I'm working on Convolution Tasnet, model size I made is about 5.05 million variables.
I want to train this using custom training loops, and the problem is,
for i, (input_batch, target_batch) in enumerate(train_ds): # each shape is (64, 32000, 1)
with tf.GradientTape() as tape:
predicted_batch = cv_tasnet(input_batch, training=True) # model name
loss = calculate_sisnr(predicted_batch, target_batch) # some custom loss
trainable_vars = cv_tasnet.trainable_variables
gradients = tape.gradient(loss, trainable_vars)
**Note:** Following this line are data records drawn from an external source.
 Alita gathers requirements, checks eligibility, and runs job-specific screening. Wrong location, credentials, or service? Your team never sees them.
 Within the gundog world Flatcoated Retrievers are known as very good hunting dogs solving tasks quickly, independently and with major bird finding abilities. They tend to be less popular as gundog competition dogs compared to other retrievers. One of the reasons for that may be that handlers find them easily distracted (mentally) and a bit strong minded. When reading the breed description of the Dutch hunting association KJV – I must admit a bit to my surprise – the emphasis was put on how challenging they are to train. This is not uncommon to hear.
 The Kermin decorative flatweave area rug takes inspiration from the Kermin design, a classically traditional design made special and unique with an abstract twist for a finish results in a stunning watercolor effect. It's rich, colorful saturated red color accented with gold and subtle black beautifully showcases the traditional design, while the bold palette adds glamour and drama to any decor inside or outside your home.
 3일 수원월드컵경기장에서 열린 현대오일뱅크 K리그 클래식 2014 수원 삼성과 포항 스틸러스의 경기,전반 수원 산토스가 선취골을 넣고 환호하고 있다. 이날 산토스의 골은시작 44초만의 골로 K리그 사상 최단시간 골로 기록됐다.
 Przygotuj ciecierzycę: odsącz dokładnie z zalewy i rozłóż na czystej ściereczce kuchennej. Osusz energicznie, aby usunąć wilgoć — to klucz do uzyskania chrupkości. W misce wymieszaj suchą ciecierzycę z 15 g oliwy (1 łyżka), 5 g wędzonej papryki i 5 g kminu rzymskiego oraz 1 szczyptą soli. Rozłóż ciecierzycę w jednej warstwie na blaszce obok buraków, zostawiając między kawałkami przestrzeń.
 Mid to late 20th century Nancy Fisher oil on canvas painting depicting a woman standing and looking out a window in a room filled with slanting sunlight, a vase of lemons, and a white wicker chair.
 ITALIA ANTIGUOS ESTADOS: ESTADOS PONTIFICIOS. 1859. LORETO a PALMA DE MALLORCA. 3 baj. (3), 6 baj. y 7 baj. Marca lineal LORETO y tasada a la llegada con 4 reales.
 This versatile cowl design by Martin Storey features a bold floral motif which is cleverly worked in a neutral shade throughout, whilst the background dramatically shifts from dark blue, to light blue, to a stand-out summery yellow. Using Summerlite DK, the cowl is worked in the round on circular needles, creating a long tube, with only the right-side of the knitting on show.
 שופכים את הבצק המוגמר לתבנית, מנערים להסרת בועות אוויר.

cv_tasnet.optimizer.apply_gradients(zip(gradients, trainable_vars))
This part exhausts all the gpu memory (24GB available)..
When I tried without tf.GradientTape() as tape,
for i, (input_batch, target_batch) in enumerate(train_ds):
predicted_batch = cv_tasnet(input_batch, training=True)
loss = calculate_sisnr(predicted_batch, target_batch)
This uses reasonable amount of gpu memory(about 5~6GB).
I tried the same format of tf.GradientTape() as tape for the basic mnist data, then it works without problem.
So would the size matter? but same error arises when I lowered BATCH_SIZE to 32 or smaller.
Why the 1st code block exhausts all the gpu memory?
Of course I put
gpus = tf.config.experimental.list_physical_devices('GPU')
if gpus:
try:
# Currently, memory growth needs to be the same across GPUs
for gpu in gpus:
tf.config.experimental.set_memory_growth(gpu, True)
except RuntimeError as e:
# Memory growth must be set before GPUs have been initialized
print(e)
this code at the very first cell.
CodePudding user response:
Gradient tape triggers automatic differentiation which requires tracking gradients on all your weights and activations. Autodiff requires multiples more memory. This is normal. You'll have to manually tune your batch size until you find one that works, then tune your LR. Usually tune just means guess & check or grid search. (I am working on a product to do all of that for you but I'm not here to plug it).